Proprio da Reggio Emilia – da Reggiolo, per l'esattezza – è partito il “Consorzio Primavera”. Direzione Garda, provincia di Verona. Il 10 febbraio 2009 il consorzio vince la gara d'appalto per la costruzione del centro ecologico del paese indetta dal Comune, per un valore di oltre mezzo milione di euro, incassato il 20 marzo dell'anno successivo, data in cui il fabbricato è stato consegnato.
Ma quello è un consorzio sul quale più volte si sono posati gli occhi degli inquirenti, in particolare del prefetto di Reggio Emilia Antonella De Miro, che ha bloccato vari subappalti affidati alla ditta di proprietà dei fratelli Francesco e Raffaele Todaro, quest'ultimo genero del boss della 'ndrangheta Antonio Dragone, ucciso nel 2004 nella faida con la 'ndrina dei Grande-Aracri.
Proprio a Dragone, capobastone dell'omonima 'ndrina, si deve la creazione della locale dell'area modenese-piacentina, creata durante il soggiorno obbligatorio a Quattro Castella, vicino Reggio Emilia.
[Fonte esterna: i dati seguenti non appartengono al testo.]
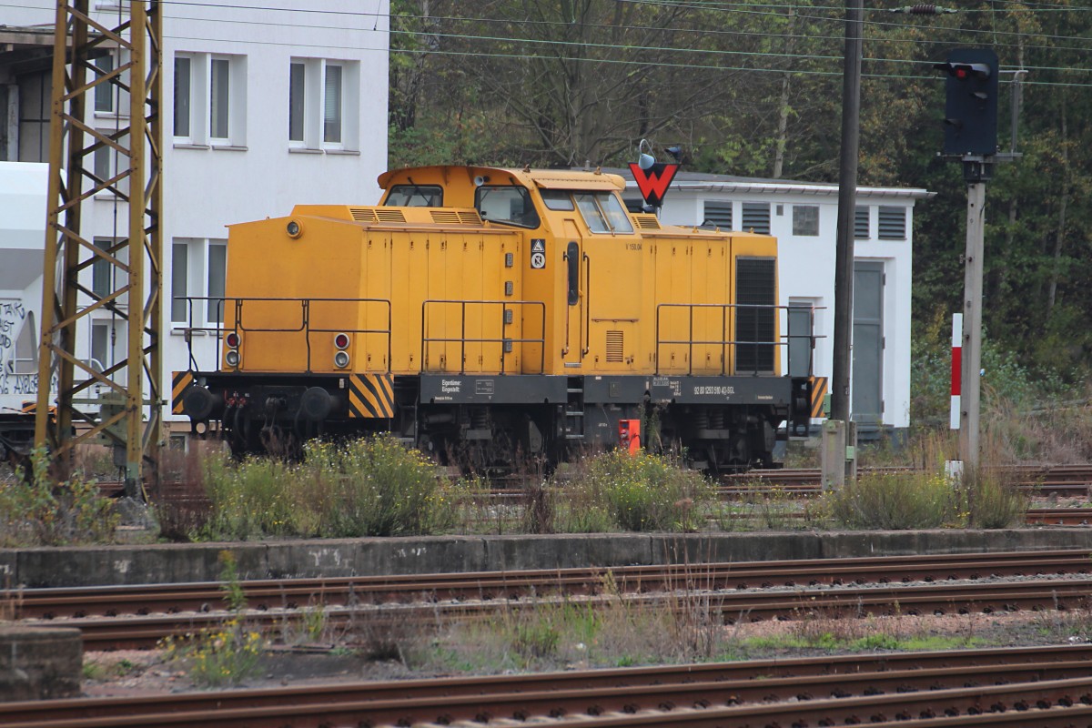 Die SGL V150.4 (293 510-4) steht am 26.10.2014 zur Sonntagsruhe in Zwickau. Aufnahme Endstand vom Bahnsteigende 1 aus.

Per tale parentela (acquisita), Raffaele Todaro – che del consorzio è il procuratore – ha affermato di essere discriminato, anche se gli inquirenti raccontano una storia un po' diversa. «Siamo fortemente preoccupati che una ditta rappresentata dalla famiglia Todaro, originaria di Cutro in provincia di Crotone e che nel 2010 ha ricevuto le interdittive antimafia dal prefetto di Reggio Emilia, dal Tar e la scorsa settimana anche dal Consiglio di Stato, abbia potuto aggiudicarsi un appalto a Garda», spiegano i consiglieri d'opposizione al Corriere del Veneto. «Ci sono costruzioni dove girano milioni di euro in un momento di forte crisi, che ci sembrano molto sospette», evidenzia la capogruppo Anna Codognola, «Ci chiediamo da dove arrivino tutti quei soldi per costruire case lasciate poi vuote o sfitte e attività commerciali che sul lago sono dirette da tanti personaggi del Sud Italia. Da nostre informazioni, un intero paese in provincia di Cosenza, Acri, sta per trasferirsi sul lago di Garda: per fare i turisti? Non crediamo proprio».
Dal Comune, intanto, spiegano che tutte le carte sono in regola. Quelle antimafia comprese. Al di là delle dichiarazioni – evidentemente poco al passo con le ultime inchieste giudiziarie e giornalistiche – dell'opposizione comunque, chiedersi come una ditta possa essere interdetta in Emilia e lavorare in Veneto, comunque, diventa una domanda a cui trovare risposta nel più breve tempo possibile.